AVAILABLE DATA:
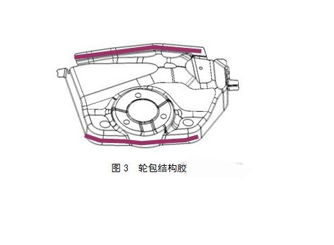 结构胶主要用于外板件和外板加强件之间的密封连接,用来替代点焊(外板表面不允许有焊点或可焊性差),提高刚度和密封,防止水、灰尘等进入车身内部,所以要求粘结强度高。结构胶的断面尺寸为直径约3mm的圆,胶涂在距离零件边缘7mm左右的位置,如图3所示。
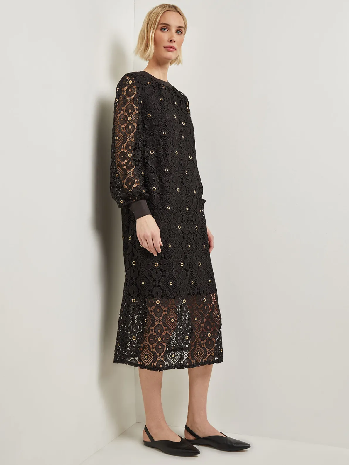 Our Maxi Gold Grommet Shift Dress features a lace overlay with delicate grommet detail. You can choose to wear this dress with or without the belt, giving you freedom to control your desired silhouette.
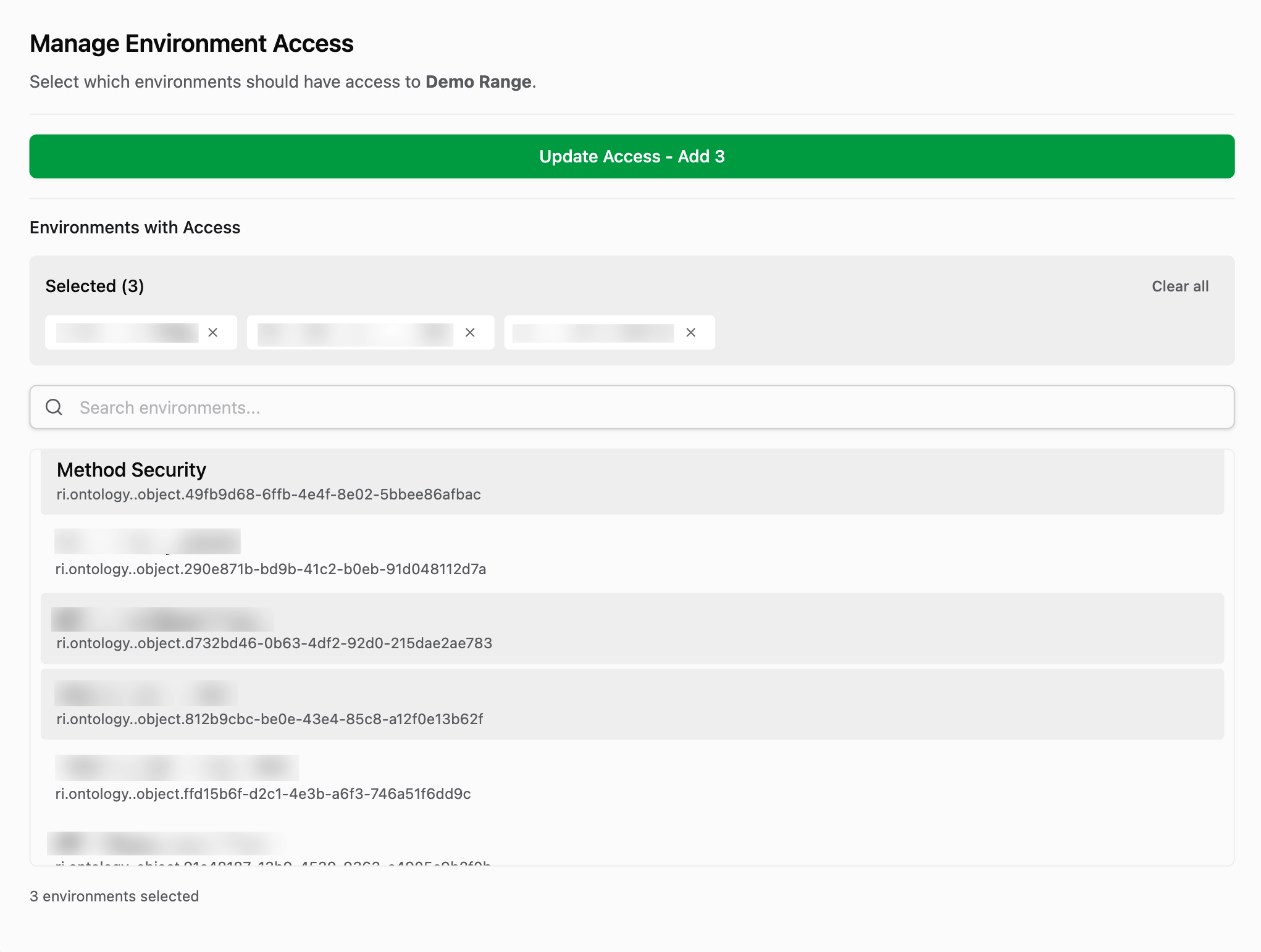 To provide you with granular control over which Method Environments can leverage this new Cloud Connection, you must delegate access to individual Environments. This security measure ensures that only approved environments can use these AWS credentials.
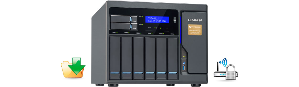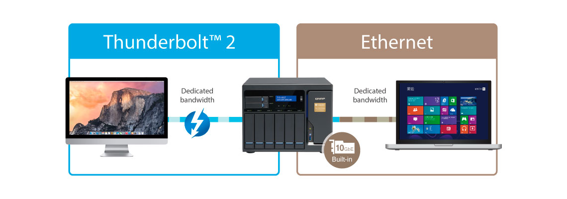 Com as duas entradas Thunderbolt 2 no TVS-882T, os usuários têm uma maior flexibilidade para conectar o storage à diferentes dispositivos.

WORK TO BE COMPLETED:
Write out the data once more exactly, omitting the pictures.

FINISHED TASK:
 结构胶主要用于外板件和外板加强件之间的密封连接,用来替代点焊(外板表面不允许有焊点或可焊性差),提高刚度和密封,防止水、灰尘等进入车身内部,所以要求粘结强度高。结构胶的断面尺寸为直径约3mm的圆,胶涂在距离零件边缘7mm左右的位置,如图3所示。
 Our Maxi Gold Grommet Shift Dress features a lace overlay with delicate grommet detail. You can choose to wear this dress with or without the belt, giving you freedom to control your desired silhouette.
 To provide you with granular control over which Method Environments can leverage this new Cloud Connection, you must delegate access to individual Environments. This security measure ensures that only approved environments can use these AWS credentials.
 Com as duas entradas Thunderbolt 2 no TVS-882T, os usuários têm uma maior flexibilidade para conectar o storage à diferentes dispositivos.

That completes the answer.